* **PROBLEM REQUIREMENTS**
Go through the listing below and repeat it exactly, dropping the pictures.

* **MATERIAL PROVIDED**
===

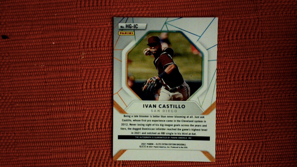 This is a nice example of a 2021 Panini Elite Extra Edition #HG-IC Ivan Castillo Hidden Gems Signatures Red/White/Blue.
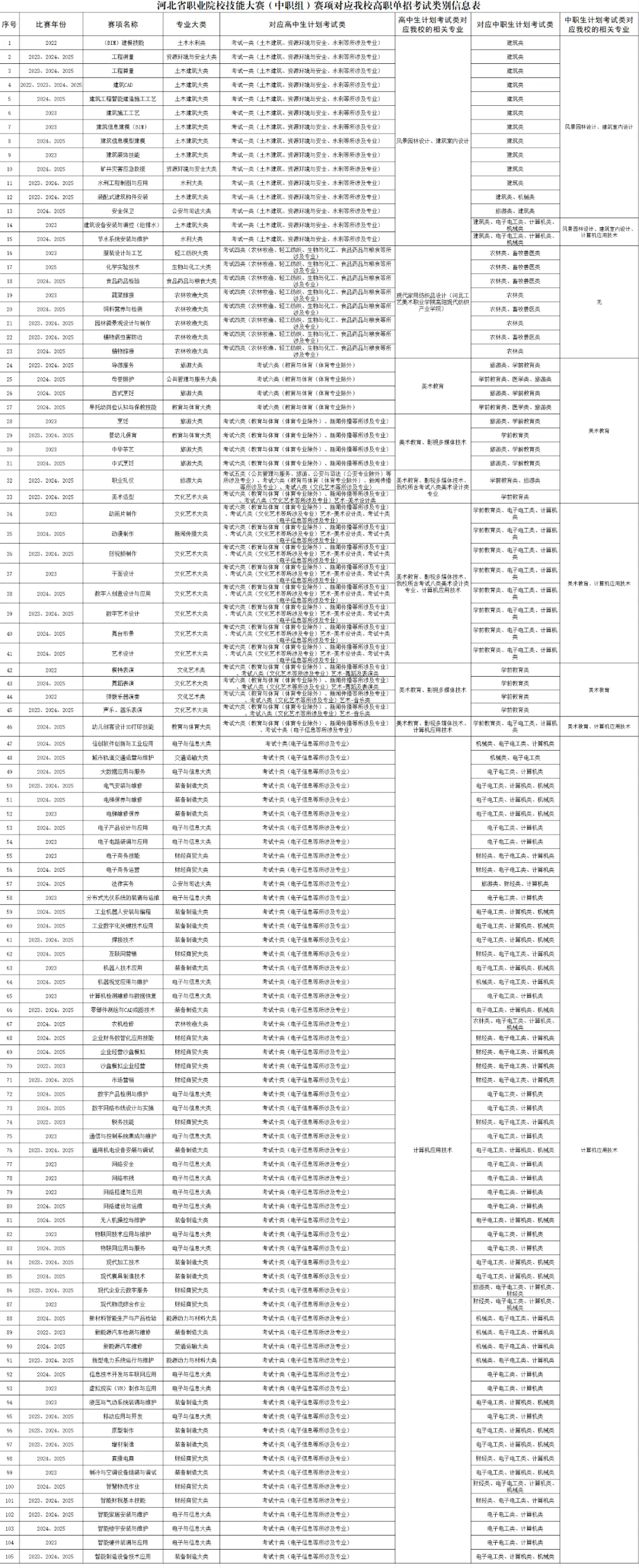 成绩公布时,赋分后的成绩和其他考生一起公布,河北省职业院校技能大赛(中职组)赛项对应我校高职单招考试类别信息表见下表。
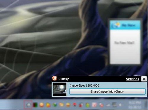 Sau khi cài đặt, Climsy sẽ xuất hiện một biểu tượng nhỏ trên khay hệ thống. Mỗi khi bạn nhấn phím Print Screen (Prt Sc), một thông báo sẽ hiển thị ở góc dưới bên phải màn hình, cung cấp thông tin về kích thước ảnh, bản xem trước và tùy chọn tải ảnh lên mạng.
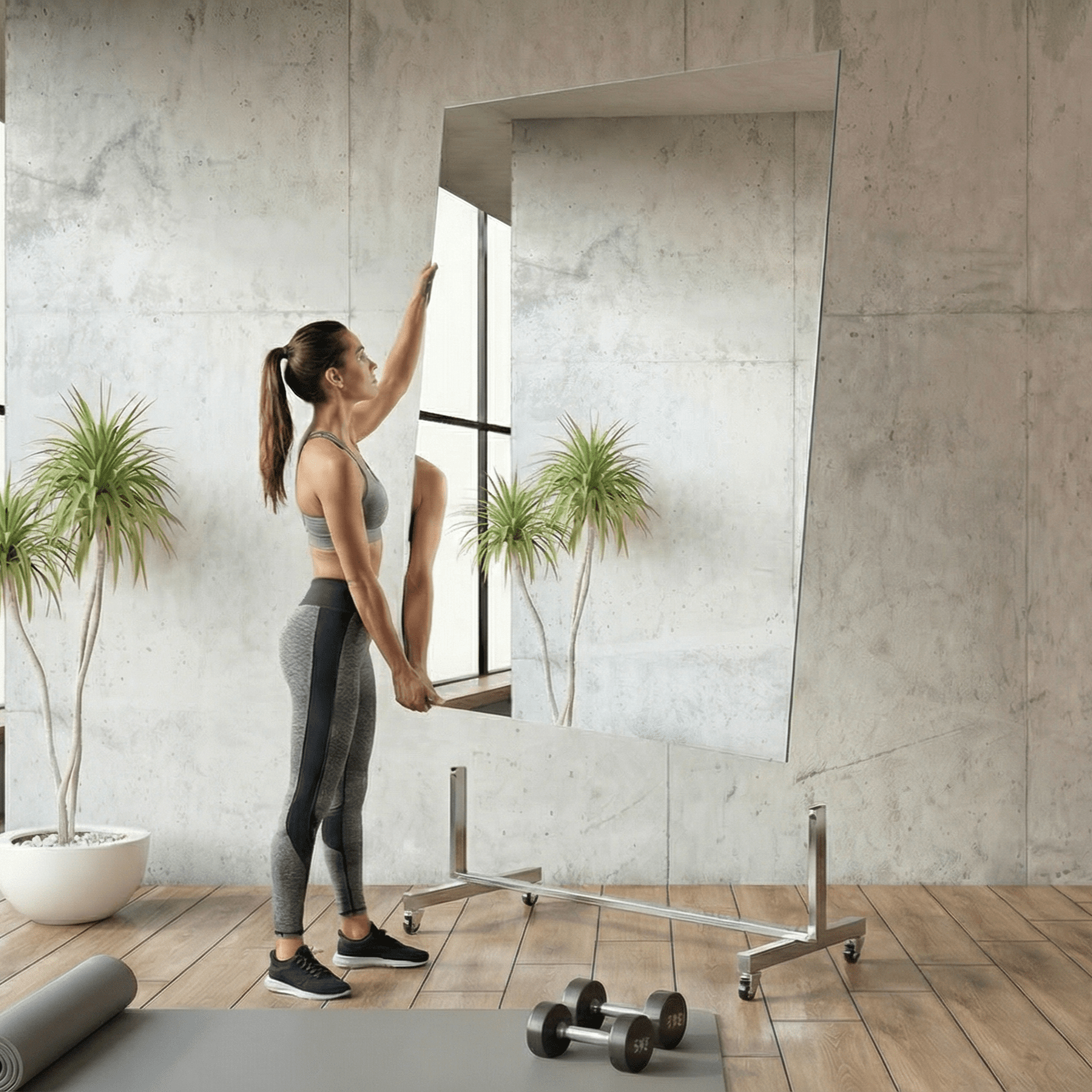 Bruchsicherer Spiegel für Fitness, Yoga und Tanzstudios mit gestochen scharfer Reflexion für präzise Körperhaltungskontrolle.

===

* **RESULT FOR THIS EXERCISE**
 This is a nice example of a 2021 Panini Elite Extra Edition #HG-IC Ivan Castillo Hidden Gems Signatures Red/White/Blue.
 成绩公布时,赋分后的成绩和其他考生一起公布,河北省职业院校技能大赛(中职组)赛项对应我校高职单招考试类别信息表见下表。
 Sau khi cài đặt, Climsy sẽ xuất hiện một biểu tượng nhỏ trên khay hệ thống. Mỗi khi bạn nhấn phím Print Screen (Prt Sc), một thông báo sẽ hiển thị ở góc dưới bên phải màn hình, cung cấp thông tin về kích thước ảnh, bản xem trước và tùy chọn tải ảnh lên mạng.
 Bruchsicherer Spiegel für Fitness, Yoga und Tanzstudios mit gestochen scharfer Reflexion für präzise Körperhaltungskontrolle.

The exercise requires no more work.